Berbeda dengan warga Muslim lain di Indonesia yang biasa 'ngabuburit' atau menunggu waktu berbuka sambil mencari takjil, warga Lamahala memilih berkumpul di masjid untuk kemudian berbuka bersama.

"Di kampung kami tidak ada pasar Ramadhan seperti di tempat lain karena warga lebih senang memasak sendiri penganan atau makanan untuk berbuka puasa. Tapi nanti antarwarga saling berkirim makanan, juga untuk jamaah yang menunggu berbuka puasa dan solat taraweh di masjid," ucapnya.

Di bulan Ramadhan kedua yang berlangsung di masa pandemi ini, warga Lamahala memanjatkan doa agar dijauhkan dari segala marabahaya serta dikuatkan iman menghadapi bencana yang sedang dihadapi.

Bersih-bersih

Lamahala memiliki 14 surau dan satu masjid paling besar bernama Jami Al Maruf. Sudah sepekan terakhir masyarakat setempat saling bergotong royong membersihkan tempat ibadah mereka.
Selain fasilitas ibadah, kegiatan bersih bersih menjelang Ramadhan dilakukan penduduk di beberapa rumah adat serta beberapa lingkungan suku (marga).

Biasanya, sisa peninggalan sejarah kerajaan Islam di NTT itu digunakan untuk acara-acara adat sesuai dengan suku yang melaksanakannya. Salah satunya rumah adat bagian pemerintahan yang ada di desa Lamahala.

Salah satu peserta gotong royong, Dody, mengatakan kegiatan gotong royong ini sudah rutin dilaksanakan oleh masyarakat Lamahala setiap kali Ramadhan dan Idul Fitri.

Kegiatan itu disambut antusias oleh warga terutama kaum laki-laki.
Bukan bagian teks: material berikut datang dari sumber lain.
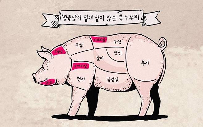 제주 한우 오마카세 우마담 풍하의 허광범 셰프와 함께하는 고기 백과사전. 셰프 허광범은 돼지는 물론, 소, 닭, 오리 등 다양한 육고기를 직접 발골할 수 있다. 앞으로 매주 1회씩 정육남 허광범 셰프와 함께 다양한 고기 이야기를 소개한다. 정육남 첫 번째 이야기는 돼지 특수부위. 돼지 한 마리를 발골하면서 직접 맛본 많은 부위 중, 팔고 싶지 않을 정도로 맛있는 특수부위를 알아보자.
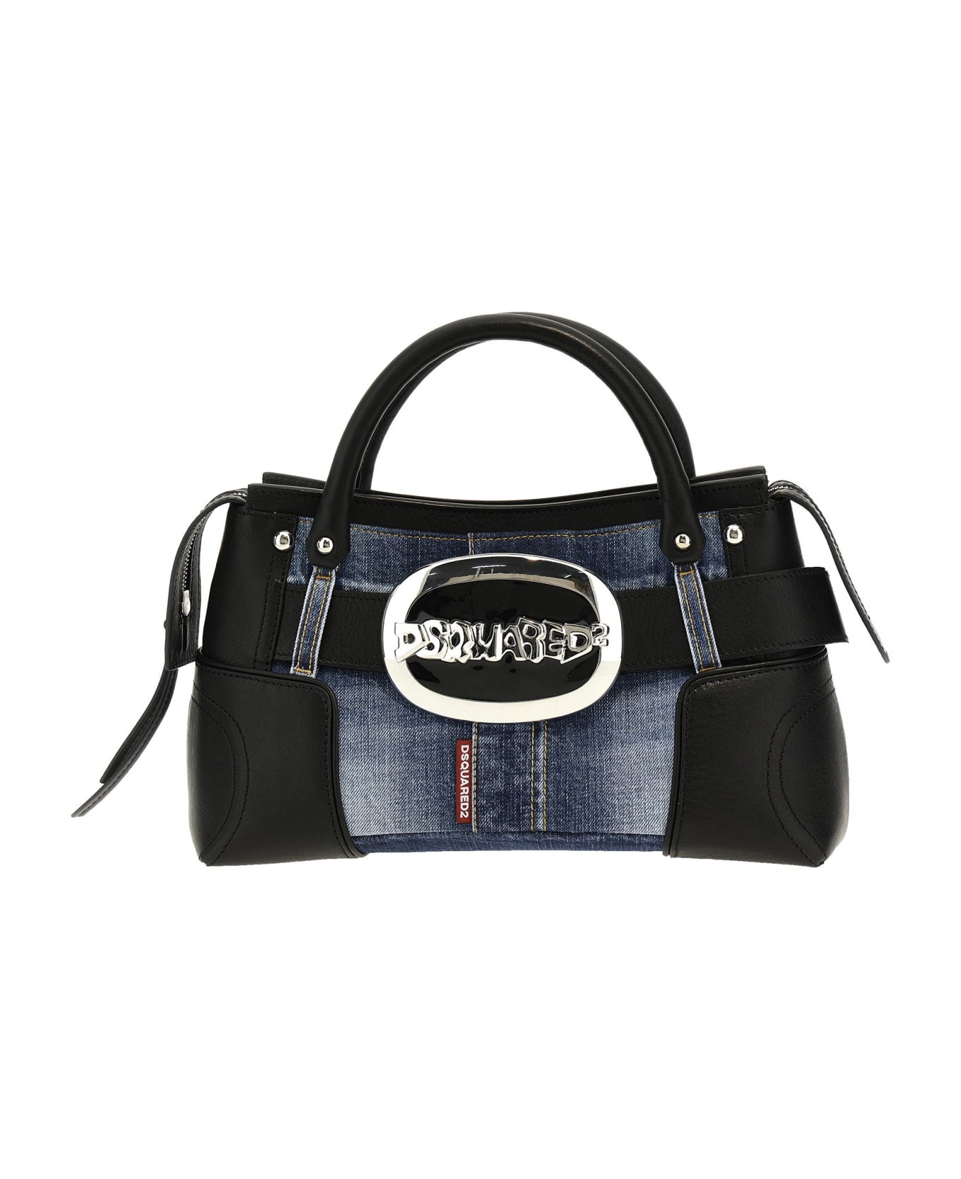 'Vintage Closet' denim and leather handbag, front logo plaque, double handle, and zip closure.
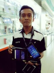 Promotor Arthomoro, Taufik menerangkan Sony Xperia M2 salah satu produk baru yang menghiasi etalase jualan produk gadget Arthomoro.
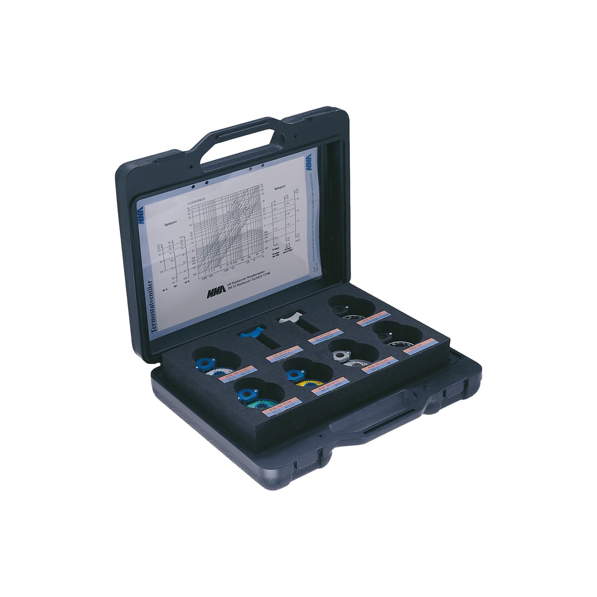Förinställningsverktygen finns i olika varianter beroende på vilken ventil den passar till. Förinställningslåda. Innehåller FV1, FV3, FV4, FV5, FV21, FV22, FN och FN2
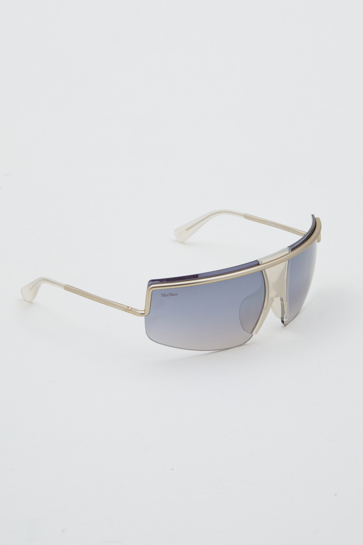 Occhiali da sole a mascherina dalla linea over, con montatura in metallo, dettagli in plastica e terminali a contrasto.

Sedangkan kaum perempuan menyediakan logistik seperti makanan dan minuman.

"Kami berharap kegiatan bersih-bersih ini dapat memberikan kenyamanan bersama dalam melaksanakan ibadah di bulan suci.
Selain itu, gotong royong juga menjadi sarana silaturrahmi masyarakat. Di mana semua kalangan masyarakat di Lamahala semuanya bersaudara," katanya.